Take a Sip From the Most Liquid Market on Earth: Forex

Article by:
Kai Peterson, EO Germany
Kai Peterson
EO Germany

Kai Petersen is co-founder and managing director of MediaMate, a localization company offering native speaker translations. He diversified 15 months ago and is now responsible for one of Germany’s leading Forex online brokers, www.finexo.de.

If someone asked you, “What’s the most liquid market on earth?” you might think it a trick question and respond with, “Beer sales at the World Cup in Germany!” But it’s not a trick question, and the actual answer is the Foreign Exchange. “Forex,” as it is commonly known, has a daily turnover of approximately US$1.9 trillion and is the largest single trading market in the world. In fact, it is larger than all the other trading markets combined.

Traveling to another country that uses a different currency means getting your hands on some of that currency. What you are actually doing is “buying” an amount of foreign currency by “selling” your own currency. When you return, you “sell” what you have left of the foreign currency to the bank. But the bank will then pay a lower price for the foreign currency than you paid for it! This price difference is called “the spread,” and it is hugely profitable for banks.

International companies have to deal with another aspect of forex: As changes in exchange rates can drastically influence their profits, it becomes necessary to hedge this risk. One way to do this is through currency options that allow you to buy (or sell) a certain currency in the future at a rate that is fixed today— the option price you pay today is like an insurance against the currency risk.

Who else is active in the forex market? Governments, all major banks, insurance companies, hedge and mutual funds, investment houses and, of course, individual investors who either trade their own forex accounts online or have professional forex money managers who do it for them.

While the stock exchange (actually a company) is responsible for quoting the prices of the stocks and derivatives traded, there is no central forex authority. Instead, there is only the inter-bank market, which is a cooperation of international banks that constantly quote bid prices to other banks.

The lack of a central forex organization has some interesting implications. It’s not only one of the least regulated markets, it’s also constantly open from Monday morning in Australia until Friday afternoon in New York. Additionally, it’s a highly transparent market— no CEO can “cook the books” of the US dollar, and even drastic changes between the major currencies rarely exceed 1 to 2 percent, elimi­nating the threat of a “Black Friday” in forex. Last, but not least, the forex market is never “bullish” or “bear­ish” because a declining US dollar against the euro means a rising euro against the US dollar. This is true for multiple currency pairs and offers forex traders plenty of opportunities to take profits from the markets day after day.

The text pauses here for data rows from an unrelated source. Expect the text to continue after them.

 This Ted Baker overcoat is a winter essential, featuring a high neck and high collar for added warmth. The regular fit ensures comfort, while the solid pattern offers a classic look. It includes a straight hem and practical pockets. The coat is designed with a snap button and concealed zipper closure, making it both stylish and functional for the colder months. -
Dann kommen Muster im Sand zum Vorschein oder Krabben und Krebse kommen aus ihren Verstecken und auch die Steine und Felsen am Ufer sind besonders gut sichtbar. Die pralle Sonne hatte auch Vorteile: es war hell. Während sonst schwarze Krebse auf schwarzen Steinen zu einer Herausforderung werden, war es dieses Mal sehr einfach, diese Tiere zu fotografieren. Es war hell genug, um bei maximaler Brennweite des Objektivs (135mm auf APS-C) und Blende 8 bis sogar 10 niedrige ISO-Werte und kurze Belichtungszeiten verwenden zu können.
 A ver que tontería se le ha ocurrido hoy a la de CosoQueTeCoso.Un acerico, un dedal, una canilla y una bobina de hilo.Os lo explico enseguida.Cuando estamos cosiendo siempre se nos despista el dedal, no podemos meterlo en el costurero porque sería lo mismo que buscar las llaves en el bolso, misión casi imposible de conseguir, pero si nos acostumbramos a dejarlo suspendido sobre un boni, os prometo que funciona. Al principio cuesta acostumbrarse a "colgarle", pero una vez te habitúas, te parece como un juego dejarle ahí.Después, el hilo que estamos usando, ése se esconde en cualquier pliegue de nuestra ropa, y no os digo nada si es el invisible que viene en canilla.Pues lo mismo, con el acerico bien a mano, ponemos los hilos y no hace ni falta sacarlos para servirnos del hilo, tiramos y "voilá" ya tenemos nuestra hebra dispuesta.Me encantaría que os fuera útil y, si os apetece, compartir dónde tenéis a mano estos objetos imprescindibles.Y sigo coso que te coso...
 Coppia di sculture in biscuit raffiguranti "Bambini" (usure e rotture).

All these facts make forex highly attractive to private investors. And, with the Internet, there’s excellent online trading software that provides direct access to the market. The small percentage of change that usually occurs between the major currencies allows banks and brokers to offer a highly leveraged invest­ment strategy. The industry standard is a leverage of 1:100, which allows you to electronically buy euro worth US$100,000 with a margin payment of only US$1,000 and to sell just as easily with another click.

If you are interested in this profitable market, you can consult a professional forex trader. These profes­sionals can help you create a managed account that is similar to classic investment funds and allows investors to further diversify their portfolios. With much lower leverages (usually between 1:2 and 1:5), annual compounded returns of more than 15% are not unreasonable while still implementing low risk money management strategies.

Managed accounts are now available with a capital guarantee provided by the largest private banking group in Switzerland, showing that forex is coming of age. It is expected to take a leading position among other investment opportunities during the coming years. To get started now, here’s what you do:

  • Decide whether you feel comfortable speculating in forex yourself or leaving it to a professional
  • If you want to give it a shot yourself, read a book and download a demo platform to get a feeling for trading.
  • Otherwise, speak to someone offering a forex managed account, and ask the same questions you would ask anyone offering you an investment opportunity.